Let $k$ be an algebraically closed field, and let $\mathbb{A}^n(k)$ denote the linear $n$-dimensional vector space over $k$. Suppose $X \subset \mathbb{A}^n$, X' \subset \mathbb{A}^m are two varieties. We say that X, X' are isomorphic if there exists a polynomial map \phi : X \rightarrow X' which is bijective and whose inverse is a polynomial map. Note that $\phi$ is polynomial if $\phi(x) = (f_1(x), \cdots, f_m(x))$ where each $f_j$ is a polynomial.
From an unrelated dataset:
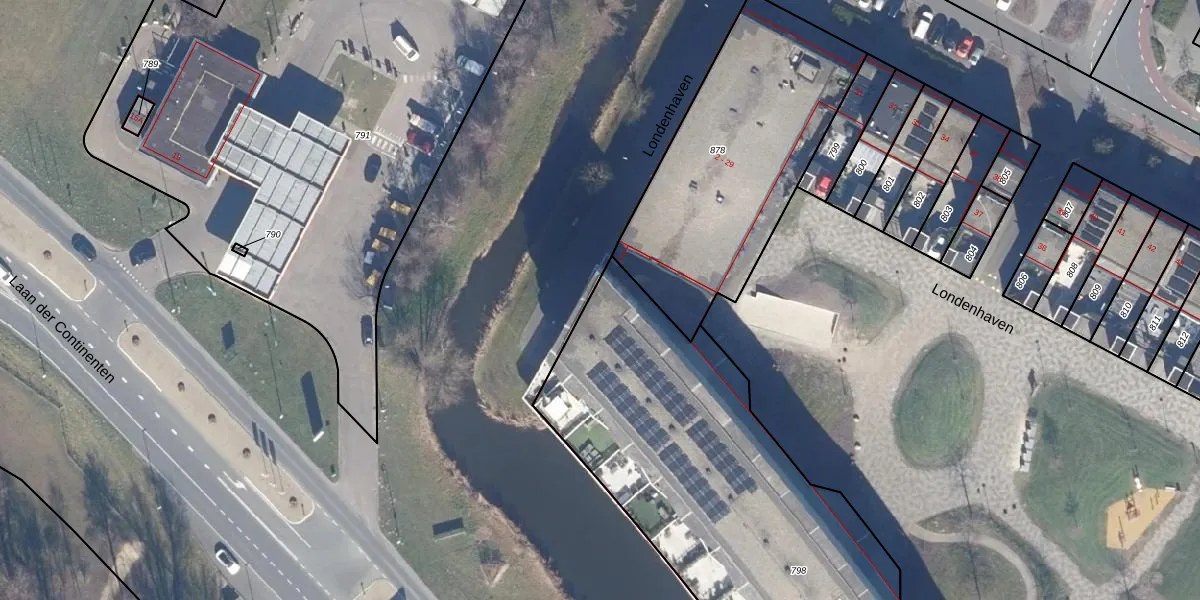 Het perceel waarop Londenhaven 201 staat heeft een oppervlakte van 4120 m². Dit is een zeer groot perceel. De perceeloppervlakte wordt geregistreerd door het Kadaster. Gedetailleerde informatie over de maten van dit perceel kunt u vinden in het rapport Kadastrale kaart met maatvoering van Londenhaven 201.

I want to show that if $p \in X$ is smooth (the tangent space of $X$ at $p$ has the same dimension as $X$) if and only if $\phi(p)$ is a smooth point of X'. It is not clear to me why if $(x_1, \cdots, x_n)$ is an eigenvector of the Jacobian of the generators of $I(X)$ at $p$, that $\phi((x_1, \cdots, x_n))$ must be an eigenvector of the Jacobian of the generators of I(X'), which I presume to be the natural approach to show that the two tangent spaces have equal dimension.

Any suggestions?

  • 3
    That's not the natural approach. Show that the Jacobians of $\phi$ and its inverse are inverses.2011-03-16

1 Answers 1

3

A more intrinsic way to express smoothness is via the (sheaf of) ring(s) of functions: in your case, $X$ is smooth at $x$ iff the local ring at $x$ is regular. The isomorphism between $X$ and X' gives an isomorphism between (sheaves of) rings of functions.

  • 0
    Whoops! Thanks for ca$t$ching that.2011-03-17